In last Thursday’s finance debate, Clarke also said the party’s 2020 manifesto plans would cost around $30 billion, but gave little specifics on exactly how the additional funds will be raised.

Neither was there a similar outline from Mark Golding, the opposition spokesman on finance, who said his party’s plans would cost around $70 billion.

And with news from the Bank of Jamaica the day before the financial debate that the economy will contract by between seven and 10 per cent this fiscal year, critics have argued some of the plans may be unrealistic.

Nonetheless, Holness said with the work done nationally and in constituencies, “we believe the Jamaican people will renew the mandate of the Jamaica Labour Party and so the mood in the party is very, very positive”.

New ways of campaigning

Not only has COVID-19 forced changes to economic projections owing to a crushing blow to the tourism industry and mounting job losses, it has forced political parties to find new ways of campaigning.

Just weeks before the polls, both the JLP and the PNP suspended motorcades and any event that could lead to gatherings in breach of protocols such as physical distancing.

“We would have loved to be out there in the field interacting with our people,” Holness said about the changing nature of the campaign.

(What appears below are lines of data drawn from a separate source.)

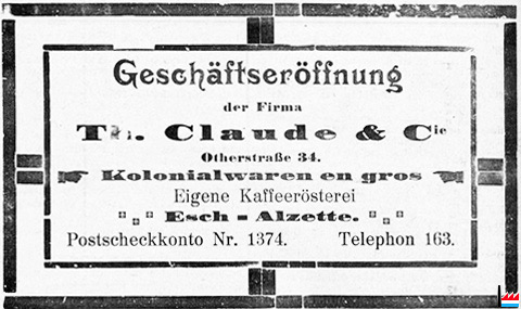 | 1920 | Fondation / Gründung Kaffeerösterei Th. Claude & Cie, 34 Otherstraße, Esch/Alzette Tel. 163 |
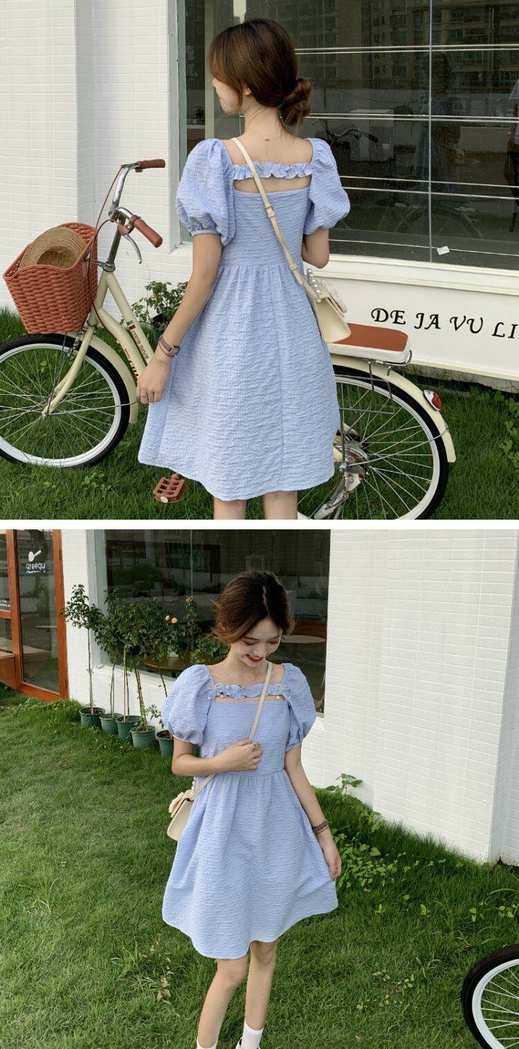 スリーブワンピースレディース夏服ブルースカート 大人ガーリー スウィート キュート カジュアル 夏物 コーデ marchs6786657415975
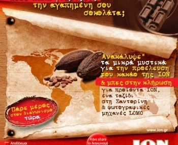 Ανακάλυψε τα μικρά μυστικά για την προέλευση του κακάο της ΙΟΝ και μπες στην κλήρωση για προϊόντα ΙΟΝ, ένα ταξίδι στη Σαντορίνη και φωτογραφικές μηχανές LOMO.
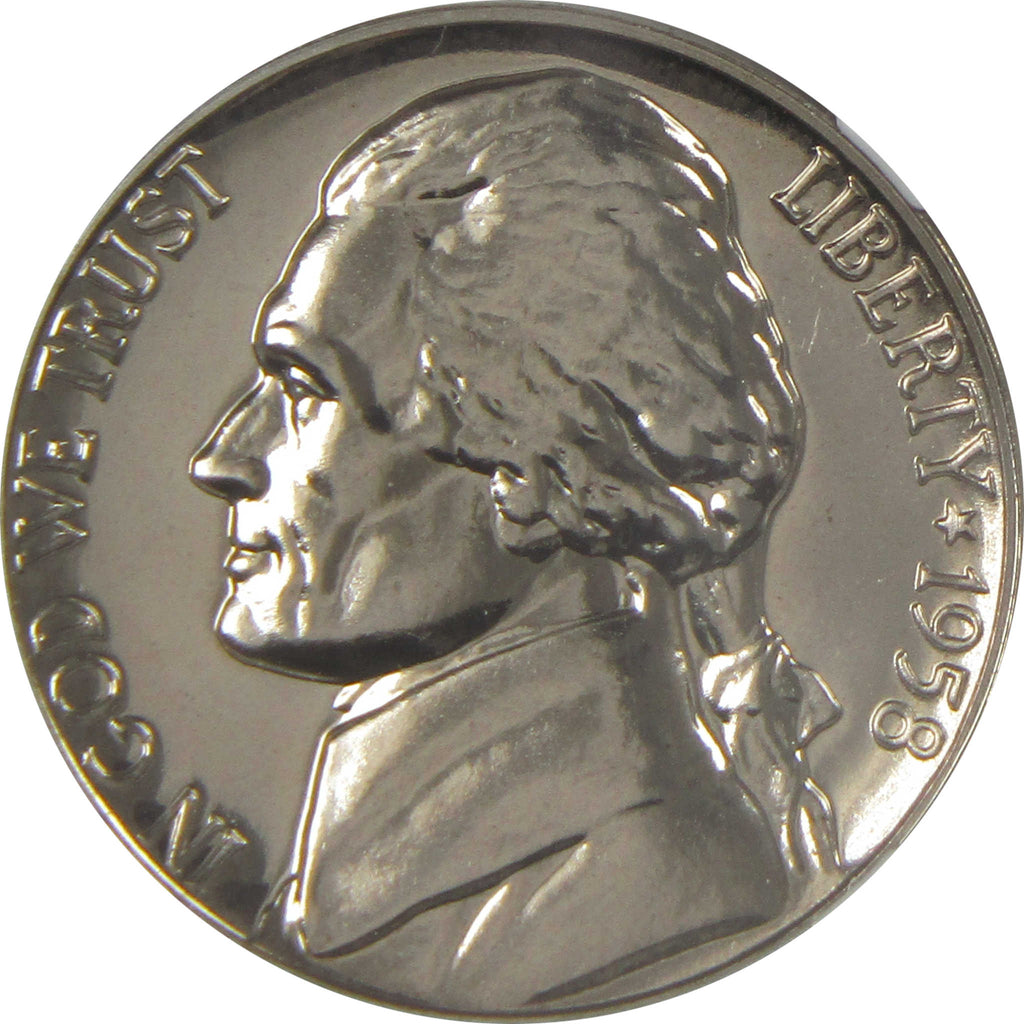 A genuine 1958 Jefferson Nickel Proof Coin, graded and certified PF 66 by NGC
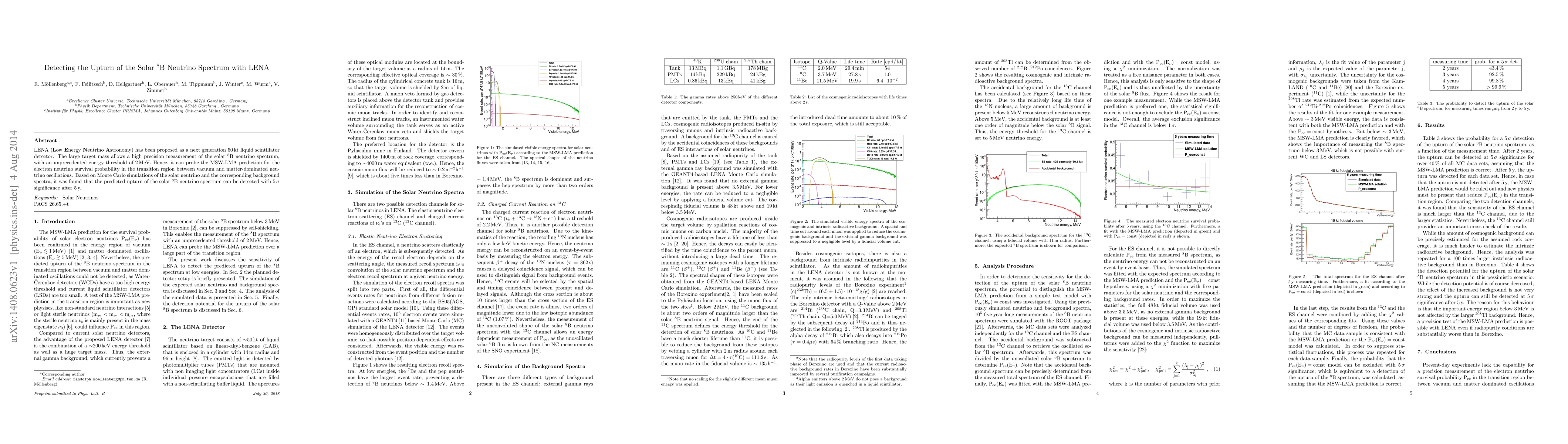 LENA, a proposed 50 kt liquid scintillator detector, aims to achieve high-precision measurements of the solar $^8$B neutrino spectrum with a 2 MeV energy threshold. Monte Carlo simulations indicate that LENA can detect the predicted upturn of the $^8$B neutrino spectrum with 5 sigma significance within 5 years, enabling the verification of the MSW-LMA prediction for neutrino oscillations.
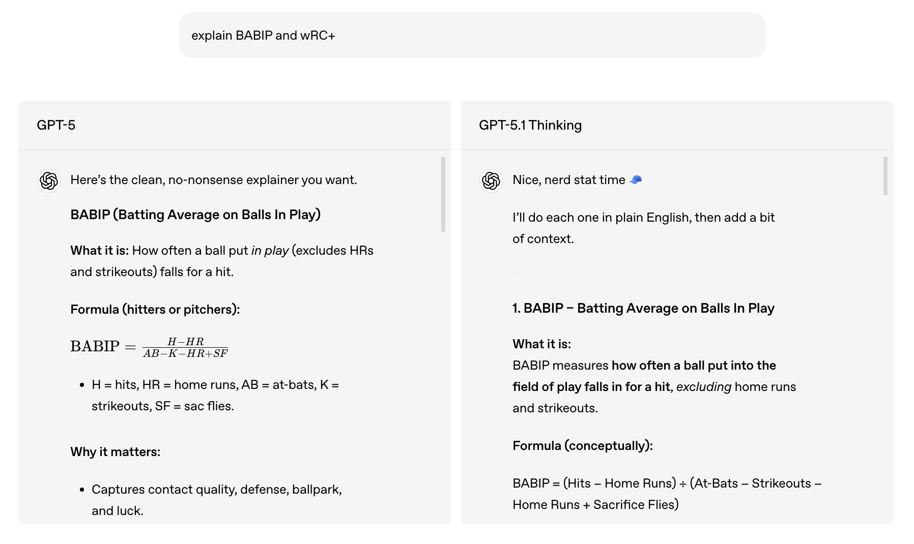 在解释复杂的棒球术语时,旧版 GPT-5 的回答像一篇学术论文,充满了行话、缩写和数学公式,让人望而生畏。而新版 GPT-5.1 Thinking 则用一种轻松、口语化的方式(甚至带了 Emoji)来解释,它更侧重于“这个数据为什么重要”和“人们在实际中如何使用它”,让外行也能轻松看懂。

“I personally take great pleasure in meeting the electorate, responding to their concerns in person and learning what they want so that I know I am representing them exactly how they want to be represented.”

Holness said the party has had to adapt, but he’s satisfied progress in reaching voters was being made.

“Our candidates have been on the ground and in the field and we know they are connecting with the people. We are working to ensure our constituents are safe and that our voters feel confident in going out and voting knowing that all the protocols are in place,” he told The Sunday Gleaner.

Although Holness made it clear from nomination day that he would not talk about the highly favourably poll results and seat counts, a senior official in the party told The Sunday Gleaner that the party is targeting between 37 and 42 seats – the latter would give the JLP a crucial two-thirds majority in the 63-seat House of Representatives.

The JLP is currently defending 34 constituencies to the PNP’s 29.